Improving Google Duo Audio Quality with WaveNetEQ

Internet calls have become an integral part of the lives of millions of people - so they simplify their workflow and connect with their loved ones. To transfer a call over the Internet, call data is broken up into small pieces called “packages”. Packets go through the network from the sender to the recipient, where they are collected back to receive continuous video and audio stream. However, often packets arrive at the recipient in the wrong order and at the wrong time - this is usually called jitter.(trembling) - or completely lost. Such problems reduce the quality of calls, because the recipient has to try to fill in the gaps, and this seriously affects both audio and video. For example, 99% of calls through Google Duo experience packet loss, excessive jitter, or network latency. Of these, 20% of calls lose more than 3% of audio data due to network problems, and 10% of calls lose more than 8% of data.


Simplified network problem diagram

In order to make communication in real time more reliable, you have to somehow deal with the necessary packages that have not reached the addressee. For example, if you do not give a continuous audio signal, you will hear interruptions and stuttering, but you can’t call it an ideal solution to try to repeat the same signal again and again - this will lead to artifacts and reduce the overall call quality. The technology for handling the situation with the absence of packets is called “packet loss concealment” (PLC). The receiver's PLC module is responsible for creating audio (or video) that fills the interruptions caused by packet loss, strong jitter, or network problems - problems that in any case lead to a lack of necessary data.

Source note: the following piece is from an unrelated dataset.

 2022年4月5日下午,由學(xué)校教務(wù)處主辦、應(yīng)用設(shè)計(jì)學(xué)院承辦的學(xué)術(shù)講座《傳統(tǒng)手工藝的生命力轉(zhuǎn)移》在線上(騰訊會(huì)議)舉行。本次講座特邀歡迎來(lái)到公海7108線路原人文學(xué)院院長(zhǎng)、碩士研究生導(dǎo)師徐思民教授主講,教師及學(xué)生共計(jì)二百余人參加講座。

To deal with these audio issues, we introduced a new PLC system called WaveNetEQ in Duo. This is a generative model based on WaveRNN technology from DeepMind , trained on a large body of speech data to realistically complement speech segments. She is able to fully synthesize the sound signal of the missing fragments of speech. Since calls to Duo undergo end-to-end encryption, all processing has to be done on the device itself. The WaveNetEQ model is fast enough for a telephone, while still providing excellent audio quality and a more natural-sounding PLC compared to other existing systems.

New PLC system for Duo


Like many other web-based communications programs, Duo is based on the open source WebRTC project . To conceal the consequences of packet loss, the NetEQ system component uses signal processing methods that analyze speech and produce continuous continuity - this works well for small losses (up to 20 ms), but it starts to sound bad when packet loss leads to communication breaks of 60 ms or longer. In such cases, speech becomes similar to the repetitive speech of a robot - this characteristic sound, unfortunately, is well known to many fans of making calls over the Internet.

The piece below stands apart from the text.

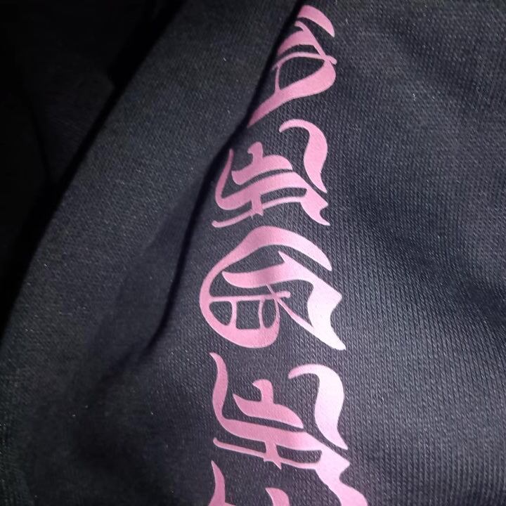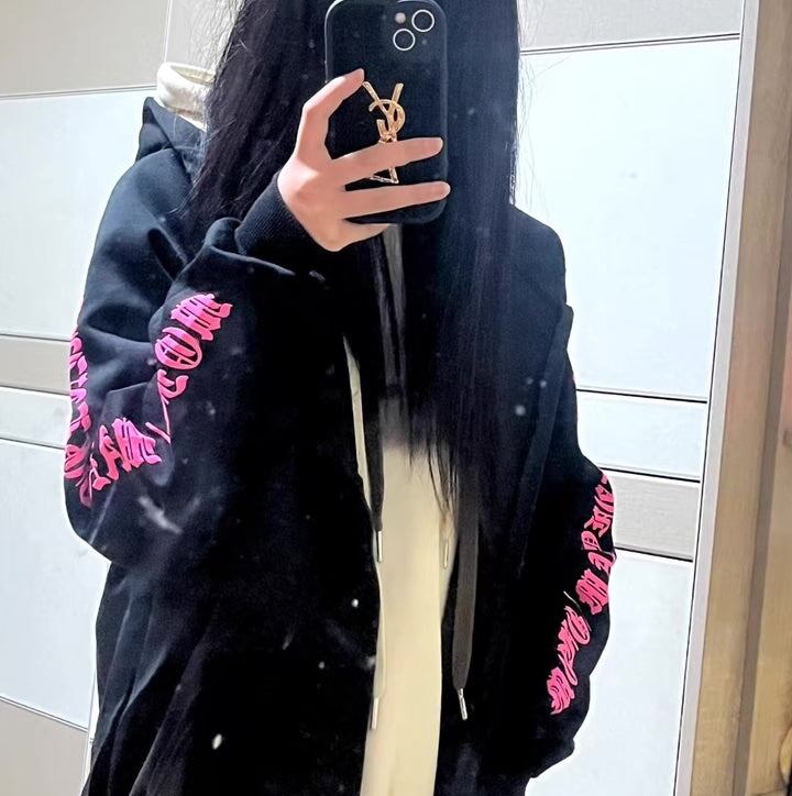 ベンチコート ロングパーカー レディース 韓国 ファッション 裏起毛 サンスクリット ロゴ 袖プリント 黒アウター 防寒アウター

To improve the quality of packet loss processing, we replaced NetEQ PLC with a modified version of WaveRNN. This is a recurrent neural network designed for speech synthesis, consisting of two parts - autoregressive and conditioned neural networks. The autoregressive neural network is responsible for the continuity of the signal and produces a short-term and medium-term speech structure. In the process of its operation, each generated fragment depends on the previous results of the network. A conditioned neural network affects autoregressive so that it produces an audio signal corresponding to a slower incoming data.

However, WaveRNN, like its predecessor, WaveNet, was created with the goal of converting text to speech (text-to-speech, TTS). Since WaveRNN is a TTS model, it is given information about what needs to be said and how. An air-conditioning network directly receives this information at the input in the form of phonemes making up the word and features of prosody (such non-textual information as pitch or intonation). In a sense, an air-conditioned network is capable of "looking into the future", and then redirecting the autoregressive network towards its corresponding sounds. In the case of the PLC system and real-time communication, we will not have such a context.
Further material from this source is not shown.